In fact, it was her move towards working with leather that started her journey as a traceable designer. “Traceability and transparency have been my foundational principles since I stopped doing collections and started to concentrate on leatherwork in 2018,” she tells RLSD. “My journey in the fashion industry exposed me to the lack of transparency and accountability in sourcing and production processes.”
Born in the Czech Republic, she founded her business in London following her fashion studies. Martina moved to made-to-order pieces in 2018 to minimise waste and overproduction. Using only suppliers that are gold-rated by the Leather Working Group, each Marina Spetlova piece is fully traceable – via a blockchain chip that can be scanned by the buyer. The chip holds details about materials, sourcing, processes used and third party-verified sustainability claims. Leather aside, Martina uses tapes and zips made from recycled waste to ensure the entire garment is as sustainable as possible.
Source: Jake hicks
Source: Martina Spetlova
Source: Womens Wear Daily
“Traceability ensures accountability and integrity throughout the supply chain,” she says. “For me, it’s about empowering consumers with knowledge about the origins and journey of their garments. Leather, with its complex supply chain, holds particular importance. Ensuring traceability in leather sourcing means advocating for ethical treatment of animals, sustainable farming practices, and fair labour conditions.”
Made from intricate strips of leather woven together to create unique shapes and patterns, each piece is a feat of craftsmanship and a reflection of Martina’s slow fashion ethos.
“My handwoven pieces are time-consuming and not suitable for wholesale, making direct collaboration with customers more valuable,” she says. “Transitioning to made-to-order aligns with my commitment to sustainability – it allows for greater customisation and a closer connection with my customers, fostering a more meaningful and intentional approach to consumption.”

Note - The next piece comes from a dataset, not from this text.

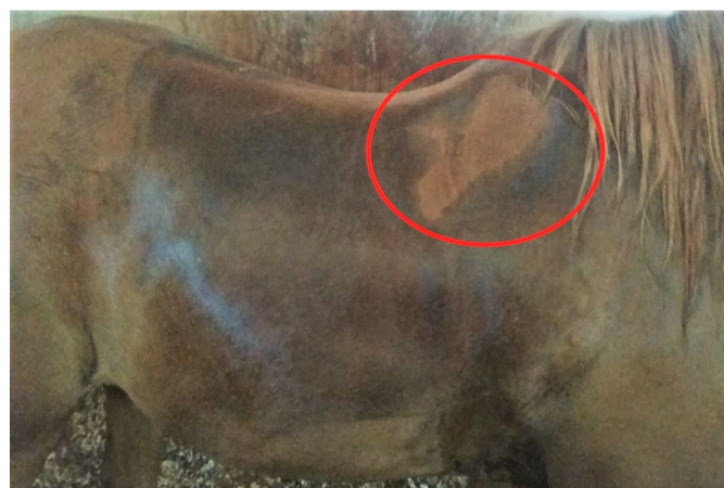
Figure 1 – Sweaty horse after exercise; however, showing a lack of sweat mark in the withers area (inside the red circle).

When the panel temperatures of both saddles were analyzed, a difference of more than 6°C was observed

But being a fully-traceable designer isn’t always easy. “One of the main challenges is navigating the complexities of supply chains to ensure complete traceability,” she says. “It requires close collaboration with my suppliers, meticulous record-keeping, and continuous monitoring to maintain transparency. Additionally, communicating the value of traceability and sustainability to consumers amidst a market saturated with fast fashion presents its own set of challenges.”
Source: Vogue, Sylwana Zybura / Studio Peripetie
Martina Spetlova, Selfridges X ECCO Leather
Source: Vogue, Sylwana Zybura / Studio Peripetie
Having seen commercial success with previous partnerships with the likes of Selfridges and Soho Home, Martina today continues to work on her bespoke fashion pieces – as well as expanding into furniture and larger-scale art pieces using other sustainable and waste materials.
While she’s proud of her own moves towards sustainability, she is adamant that things need to change across the wider industry. “I envision a future where sustainability is fundamental to every aspect of the fashion industry, including leather production,” she says. “This means advocating for sustainable farming practices, responsible chemical usage and innovative technologies in leather production and its dying processes. Collaboration among stakeholders, investment in innovative technologies like blockchain, and consumer education are crucial for driving this transformation. By transparently showcasing the journey of my leather pieces, I aim to set a precedent for the industry, inspiring greater accountability and sustainability.”